Mise en scène et… vocabulaire de la démagogie.
De Pervenche, courriel. En parcourant les gazettes…
En Avignon. < Guerra > de Pippo Delbono lu par Frédéric Ferney. 18.07.2002.
< … C’est un malin Pippo. Il recrute les épaves, il les rachète, il les sauve. Il sait que la folie est un spectacle, un miroir et un abîme; il érige le dénuement en esthétique du gouffre; il mise sur la compassion; il spécule sur la pitié, le malaise, les bons sentimens. Aimez-vous le strip-tease ? Du métier. Il plaque sur la pantomime une musique intense, lyrique, qui vous arracherait des frissons, des < nostalgies, des larmes. ça le fait. Entre chaque scène il pérore, il prêche de sa voix évangélique : < Une grande révolution ne peut naître que d’un grand sentiment d’amour > (Che Guevara). Un séminariste en sueur qui profère des vérités éternelles et des cantiques et qui boit de l’Evian au goulot en bousculant les spectateurs. ça plaît énormément.
Du talent. Un style: grunge et sulpicien. Une sorte de grand-guignol nazaréen, sans croix, avec un drapeau rouge. On l’a compris, la pauvreté, le malheur, il est contre ; la guerre, c’est mal. On est d’accord, on est piégé : s’il rugit, c’est qu’il est blessé donc sincère, si on reste froid, c’est qu’on est réac. Néanmoins on résiste et on s’interroge : quoi de plus faux que la fausse naïveté ? Quoi de plus obscène que l’ostentation de l’innocence et de la pureté ? Plus démagogique, tu meurs! >
Bref, les bonnes recettes…

Giraudoux, le poète et la richesse.
De Solange, courriel. Ce passage des Cinq tentations de La Fontaine.
La Fontaine à Vaux, au milieu des fêtes…
< Si les poètes aiment le monde, ce n’est pas qu’ils sont des parasites. Ils l’aiment non parce qu’eux-mêmes deviennent beaux ou éclatants, mais parce que ces beaux emplacements sur lesquels se passe la journée du monde, qui sont les châteaux et les terrasses, ces moments habituels du monde, qui sont les fêtes, ce goût de la toilette et du luxe qui s’ y étale, parce que la politesse, la courtoisie, le gazon et les fleurs, politesse de la terre, leur fournissent un recours, et même une vengeance contre leurs pires ennemis, la banalité et la laideur… >
Mais que faire, dans le monde ?…

Un mot de Jean de La Fontaine.
 < Si quelqu’un desserre les dents, C’est un sot. -J’ en conviens ; mais que faut-il donc faire ? -Parler de loin, ou bien se taire. >
L’ homme et la couleuvre

Un < débat de notre temps >. Prostitution.
D’ Odile, courriel.

  1. Prostitution ( éty. poser devant, exhiber ) :
    la < régulariser >, l’ < abolir > ou la < transformer en service sexuel > ?
    Trois réponses où s’opposent le Pragmatique, le Puritain et le Légiste.
    Mais surtout trois manières d’évacuer la < perversité >… c’est-à-dire la théâtralisation de l’existence.
    Et notamment à partir d’une vision hygiéniste de la sexualité.
  2. Une prostituée, une femme de mauvaises moeurs ?
    -Que disent les Ecritures ?
    < Les lèvres de la prostituée sont comme le rayon d’où coule le miel ; et son gosier est plus doux que l’huile, SACI, Bible, Prov. de Salomon, v, 3.>
    -Et le poète ?
    Adoptons l’attitude esthétique, celle par exemple d’un Mandiargues…

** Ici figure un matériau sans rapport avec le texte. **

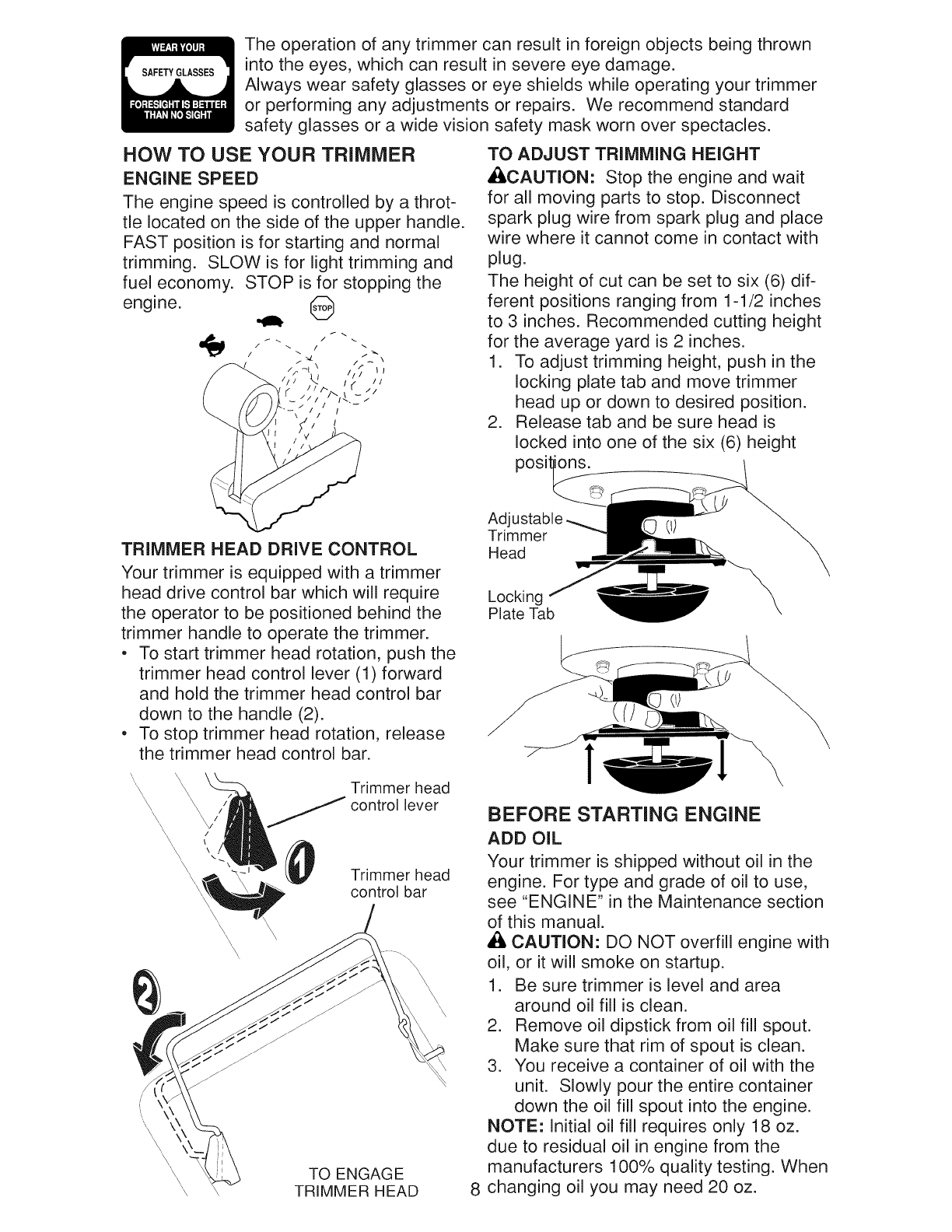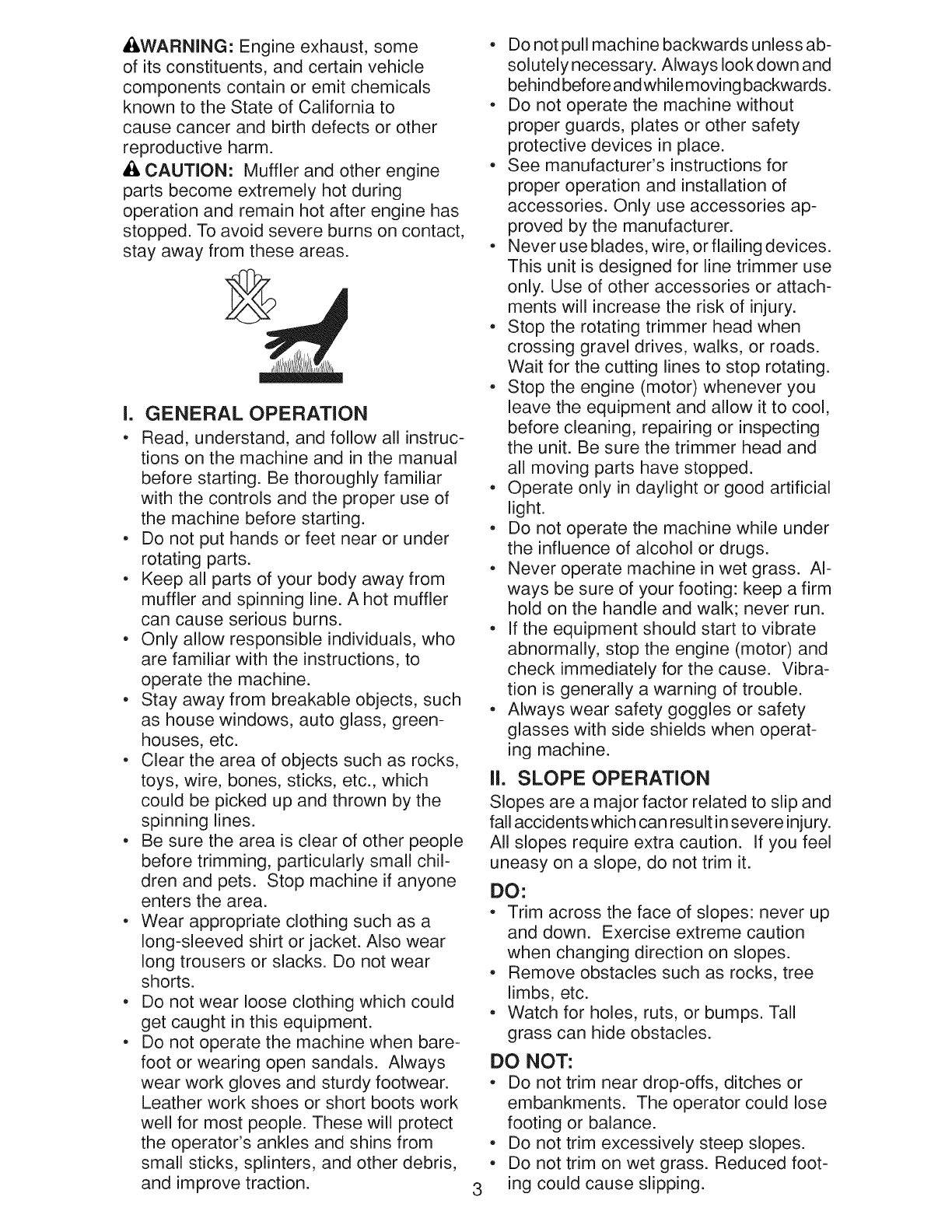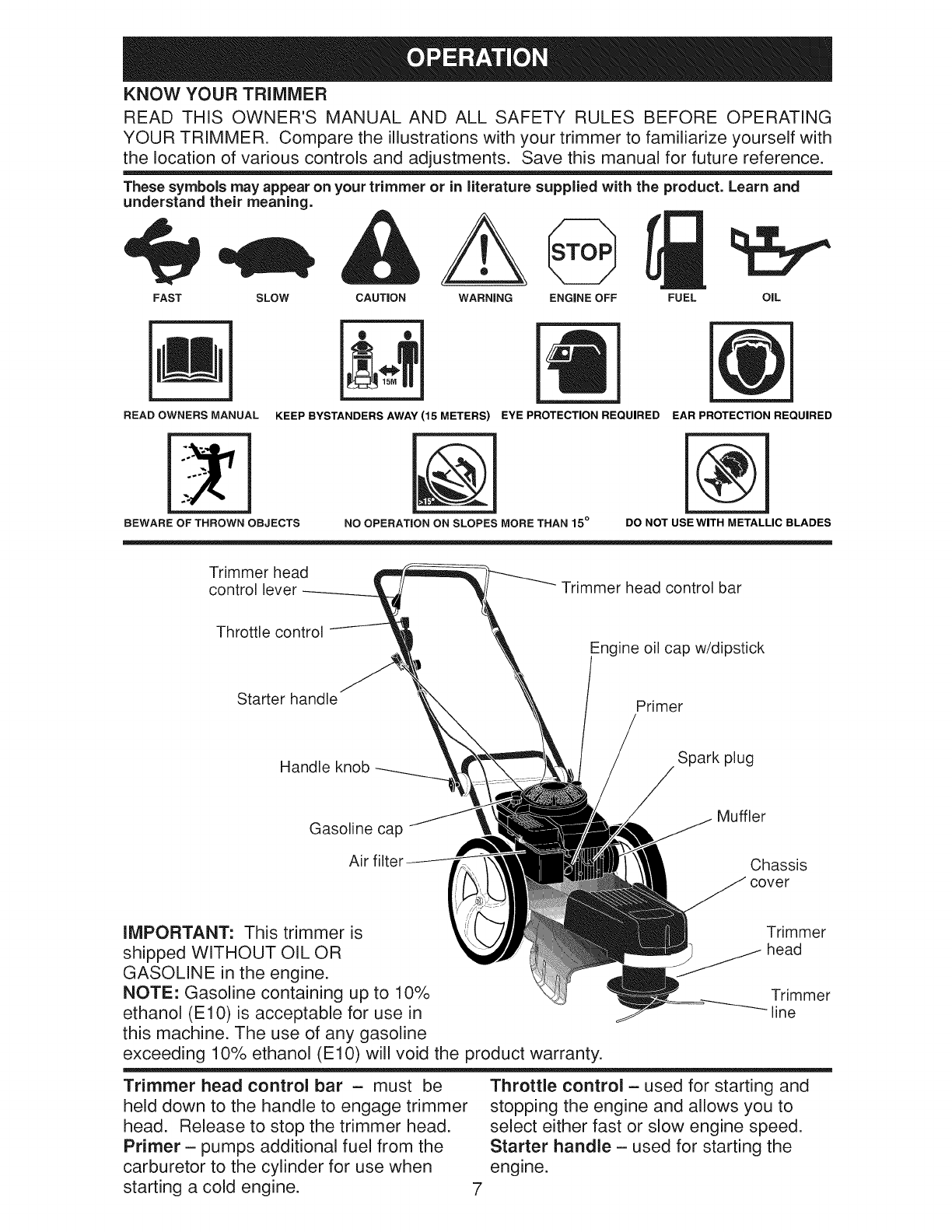_- WARNING" This trimmer is equipped with an internal combustion engine and should
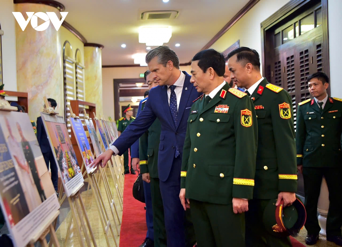 Hai Bộ trưởng tham quan trưng bày ảnh về hợp tác quốc phòng Việt Nam và Hoa Kỳ

Remarque. Sur le proxénétisme.
Littré…
< 1. PROXÉNÈTE ( pro-ksé-nè-t’), s. m.
1° Anciennement, courtier, celui qui négocie un marché.
 2° Aujourd’hui, en mauvaise part, entremetteur de certains marchés honteux entre les deux sexes. Dans toutes les cours, il y a plus de faveur à se promettre du métier de proxénète que des fonctions de grand ministre, DIDEROT, Claude et Nér. I, 83.
HISTORIQUE : XVIe s. Proxenettes couratiers et autres commis à vendre marchandises à eux baillées, Coust. gén. t. I, p. 899. Vous vous souviendrez [vous, Henri IV] des peines et anxietez où vous ont jeté les ruses, artifices, malices et cautelles de la Verneuil, ses semblables et leurs sequelles et proxenetes, SULLY, Mém. t. VIII, p. 416. Proxenetes aux voluptez, ID. ib. t. XII, p. 265.
ÉTYMOLOGIE : Lat. proxeneta, entremetteur, du grec (voy. PROXÈNE).
aider, secourir.

  1. PROXÈNE (pro-ksè-n’), s. m. Charge civile.
    ÉTYMOLOGIE : Du grec, pour, et, étranger.
    Terme d’antiquité. Celui qui, dans une cité grecque, est l’hôte et le mandataire de tous les citoyens de la république étrangère qui lui a confié cet office. Il existe une incontestable analogie entre les fonctions des proxènes et celles de nos agents consulaires. Le proxène d’une ville en loge les députés, il les accompagne partout, et se sert de son crédit pour assurer le succès de leurs négociations, BARTHÉL. Anach. ch. 34. >
  2. Il y a donc loin de l’idée originaire, politique et valorisante de < proxénétisme > à celle plus familière et plus actuelle mais très réductrice d’ < exploitation >.
    Ce qui échappe aux considérations unilatérales des bonnes âmes, des vertueuses à conjoint et des bas bleus qui n’en retiennent, pour mieux le condamner, que les aspects -certes fort déplaisants- d’esclavage moderne qui habituellement l’accompagnent.

Pataphysique du clonage.
De Pervenche, courriel.
< La principale objection au clonage reproductif, selon le Pr Jacques Milliez, chef du service d’obstétrique de l’hôpital Saint-Antoine à Paris (22. 07.2002), s’exprime ainsi : il n’est pas normal de reproduire un individu à l’identique. Mais contrairement au cliché souvent véhiculé, un individu cloné n’est pas une simple photocopie d son modèle! En tous cas moins que des jumeaux homozygotes, lorsque l’oeuf s’est divisé en deux. Le clonage produit des individus beaucoup moins semblables car un dixième du génome vient d’une autre personne. En effet le donneur du noyau donne 9/10° du génome, le dixième restant provenant de la donneuse de l’ovule. En réalité la vraie question posée par le clonage est celle-ci : accepte-t-on qu’un être humain soit issu d’une reproduction non sexuée ? >

  1. Notons qu’il s’agit d’une contribution au débat autour des enfants nés après sélection embryonnaire pour permettre une greffe de sang du cordon à un frère ou une soeur malade ; et plus généralement à la question de savoir si un enfant peut être conçu dans le but de sauver son frère ou sa soeur atteint d’une grave maladie génétique.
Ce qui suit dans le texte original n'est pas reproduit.